La domanda giusta da porsi non è quindi “come faccio a eliminare il gioco”, ma “quanto gioco è giusto per questa applicazione e come faccio a mantenerlo entro quel range per tutta la vita utile del sistema”. Il gioco diventa un problema in due direzioni opposte: quando ce n’è troppo poco e quando ce n’è troppo. Tra questi due estremi c’è un intervallo specificato che è quello corretto per ogni progetto.

Questo articolo spiega cos’è effettivamente il gioco, perché deve esserci, quando è normale, quando diventa un problema e come controllarlo sia in fase di progettazione che durante tutta la vita utile del sistema.

Cos’è il backlash

Il gioco è quel piccolo spazio tra i denti ingranati di due ingranaggi, misurato come la distanza che un ingranaggio può percorrere liberamente prima che l’altro inizi a muoversi quando la direzione di rotazione si inverte. In un sistema di rotazione, questo gioco si trova all’interfaccia tra l’elemento di azionamento e la corona dentata: tra un pignone di azionamento e i denti di una corona girevole, oppure tra una vite senza fine e la corona dentata in un sistema di azionamento a rotazione con vite senza fine.

In pratica, il gioco è ciò che permette a un ingranaggio di invertire la direzione. Quando il movimento si inverte, il dente motore deve percorrere lo spazio libero prima di entrare in contatto con il dente condotto successivo. Quello spazio libero è il gioco, e quel breve istante in cui l’uscita non si muove mentre lo spazio viene colmato è il movimento perso che ne deriva.

Perché il contraccolpo deve esistere

L’assenza di gioco non è un obiettivo; è una modalità di guasto. Una coppia di ingranaggi ha bisogno di gioco per diversi motivi.

La dilatazione termica è il primo fattore. Gli ingranaggi e gli alloggiamenti si dilatano man mano che si riscaldano durante il funzionamento. Un accoppiamento senza gioco a freddo si stringerà con l’aumentare della temperatura, aumentando l’attrito e, in casi estremi, causando il grippaggio o il blocco. Il gioco offre lo spazio necessario per questa dilatazione.

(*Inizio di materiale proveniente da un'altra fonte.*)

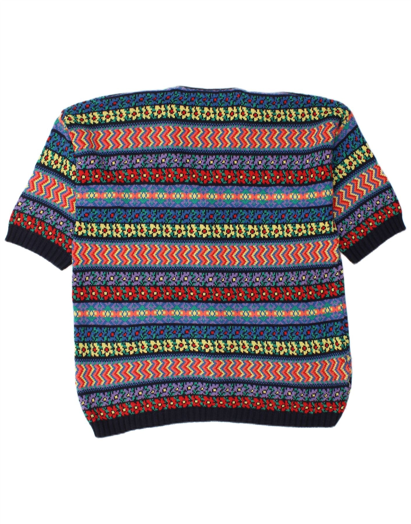 - AI Description: This Vintage womens cardigan sweater is crafted from a comfortable cotton acrylic knit blend. It features a vibrant multicoloured Fair Isle pattern, creating a crazy, retro design. The V-neckline and short sleeves offer a distinctive silhouette. A full button-up front provides classic closure. The regular fit ensures comfort and ease of wear. Tonal buttons complete the detailed look.

La lubrificazione è il secondo fattore. Il gioco tra i denti è lo spazio in cui si deposita il lubrificante, che viene poi trasportato nel punto di contatto. Senza di esso, il film che separa le superfici non può essere mantenuto e il contatto metallo contro metallo accelera l’usura.

Le tolleranze di produzione e montaggio sono il terzo fattore. Nessun ingranaggio è perfettamente rotondo e nessun montaggio è perfettamente posizionato. La corona di un anello girevole presenta un punto di massimo scostamento radiale, ovvero il punto di massima eccentricità. Il gioco assorbe queste variazioni reali, in modo che l’ingranaggio non si blocchi nel punto di rotazione più stretto.

Per questi motivi, ogni accoppiamento di ingranaggi è progettato con un intervallo di gioco specificato. L’obiettivo di una buona progettazione non è quello di eliminarlo, ma di impostarlo correttamente e mantenerlo stabile.

Le due fonti di gioco in un sistema di rotazione

Una distinzione importante, che spesso viene trascurata, è che il gioco totale che un utente percepisce all’uscita di un sistema di rotazione può derivare da due fonti diverse.

Il primo è il gioco tra gli ingranaggi, ovvero lo spazio tra l’ingranaggio motore e la corona dentata descritto sopra. Il secondo è il gioco interno della corona girevole stessa, ovvero il leggero gioco assiale e radiale tra gli elementi volventi e le piste di rotolamento. Entrambi contribuiscono al movimento perso totale misurato sotto carico, ed entrambi possono aumentare con l’usura.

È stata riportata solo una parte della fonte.